First, as Jim [Schnurr] mentioned, for the past few years I have been encouraging quicker progress on updates to audit performance standards.[ix] I mentioned that standards such as auditing estimates, including fair value measurements, and use of other auditors and specialists, have all been on the PCAOB´s agenda and talked about at various meetings for several years but have not advanced to a public proposal. As I´ve said before, my view is that there has been enough talk about the need to update these standards and it is time to make progress by advancing these projects to proposals for public input. Another year has passed on these particular projects with no public proposals. I am pleased the PCAOB recently adopted, and the Commission approved, Auditing Standard No. 18, which address auditing of related party and significant unusual transactions, and the PCAOB also advanced a staff consultation paper on auditing estimates, including fair value. However, I have an increasing degree of concern about the slow pace of advancing important auditing and quality control projects and I once again hope to see more accomplished in 2015. I also look forward to working with Jim and the PCAOB Board and staff on to consider longer term improvements to the PCAOB´s standard setting process as Jim mentioned earlier.
Second, I am pleased to see the PCAOB´s Offices of the Chief Auditor and Research and Analysis working together to develop and implement policies and practices to embed economic analysis more formally into the PCAOB´s rulemaking efforts. Consistent with remarks I´ve made over the past years about root cause analysis and what I call the "audit performance feedback loop," I am also pleased to see the PCAOB advance its focus on root cause analysis of auditor behavior. In light of the behavioral nature of auditing, including the importance of the application of due care and professional skepticism, I have become very interested in the recent emergence of some insightful work in the academic community. For example, I noted that a recent academic paper on the Social Sciences Research Network (SSRN) titled, "The Way Forward on Professional Skepticism: Conceptualizing Processional Skepticism as an Attitude" [x] quickly became one of the ten most downloaded papers. Behavioral audit research that can likely follow may help improve our understanding of fundamental root causes of audit deficiencies and facilitate development of amendments to auditing standards that are most likely to effectively and efficiently achieve their intended result.

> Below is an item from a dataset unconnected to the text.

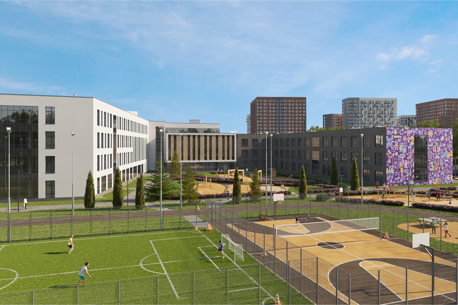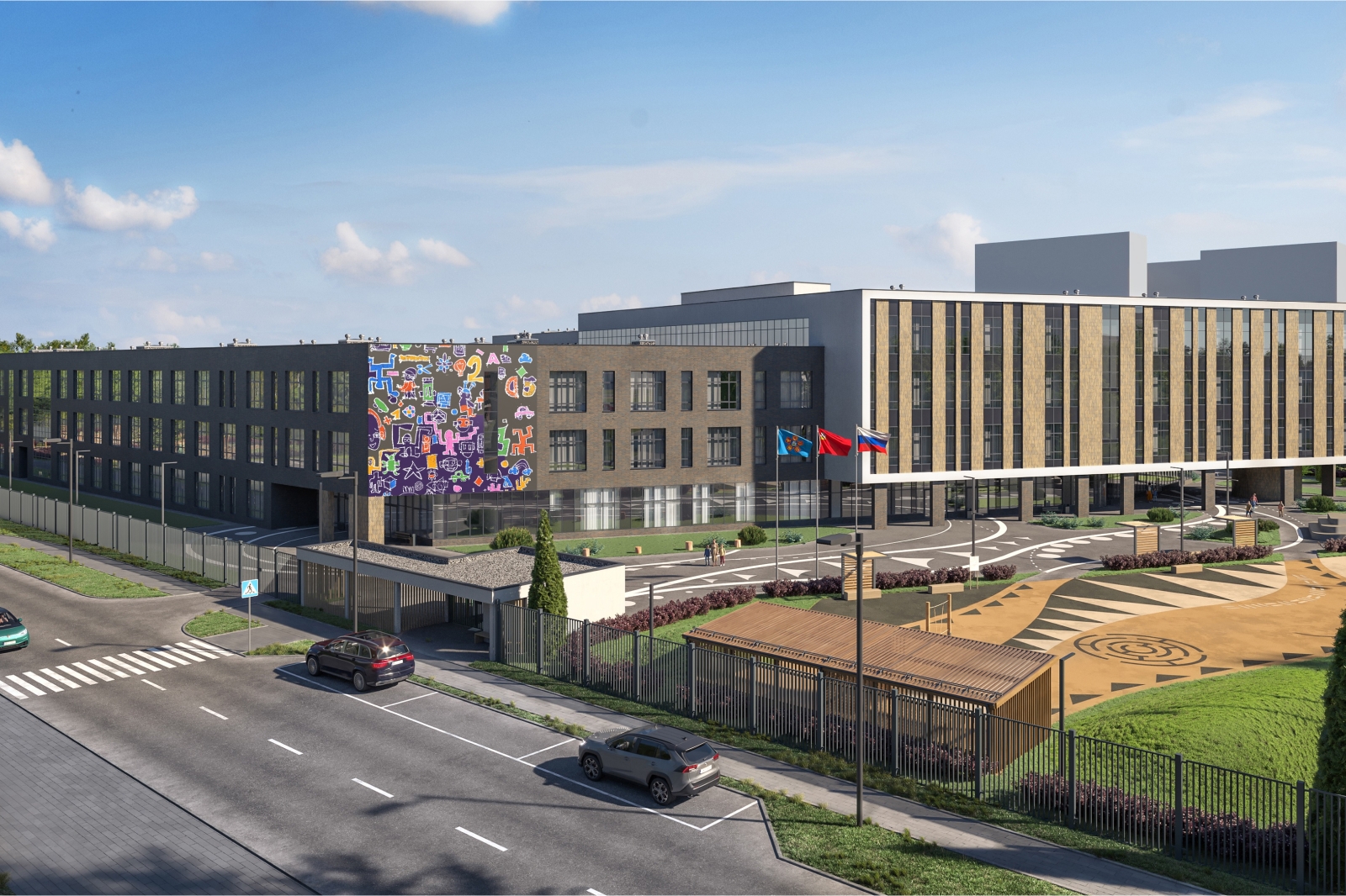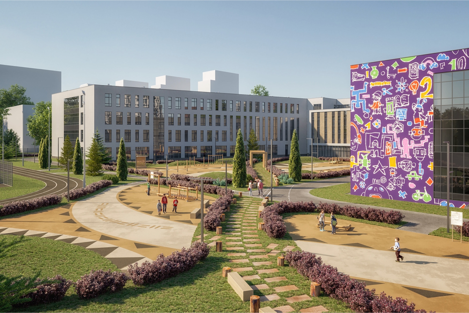 Он добавил, что территорию школы будет обустроена таким образом, чтобы ученики получили обширное пространство для занятий спортом и активного отдыха: здесь расположатся спортплощадки, столы для игры в пинг-понг и поля для командных игр.

My third and final observation on PCAOB matters, which may indeed be related to the prior point, is to commend the PCAOB for the recent improvements made to the content of inspection reports. One change that I believe to be particularly useful is the addition of references to specific paragraphs of PCAOB standards that are the subject of auditor performance criticisms in inspection findings. I believe this addition provides readers of the reports with helpful context for both the nature and severity of the criticism. In addition, a new appendix (Appendix D) has been included in the reports of annually inspected firms that summarizes the auditing standards referenced within the inspection reports.
I believe this appendix could be particularly useful for audit committees to promote meaningful discussions with auditors about whether and how those same standards are being applied on their engagements to help to address or avoid similar issues. I understand that some professors are also using this new appendix in the classroom to help tomorrow´s auditors learn from today´s mistakes. I also understand thought is being given by some in the academic community about the ways this new data can be used to inform audit research.
I know that the PCAOB is likewise continually considering how its own use of the data can be enhanced. I suspect that together we will be able to more easily identify areas within auditing standards deserving focus and inform thinking about the nature of changes that are most likely to improve quality. This of course includes considering whether to clarify or build out aspects of a standard in ways that decrease the likelihood that an auditor would issue a report without performing necessary procedures.
Let me move on briefly to internal control over financial reporting (ICFR).
Last year I discussed that we are working together throughout OCA as well as with other offices and divisions on ICFR matters. I questioned whether material weaknesses were being properly identified and disclosed; mentioned that OCA planned to continue our close work with Corp Fin, the PCAOB, and Enforcement to address these matters; and noted it was surprisingly rare to see management identify a material weakness in the absence of a material misstatement. I suggested these results could either stem from deficiencies not being identified in the first instance or from the severity of deficiencies not being evaluated appropriately.[xi]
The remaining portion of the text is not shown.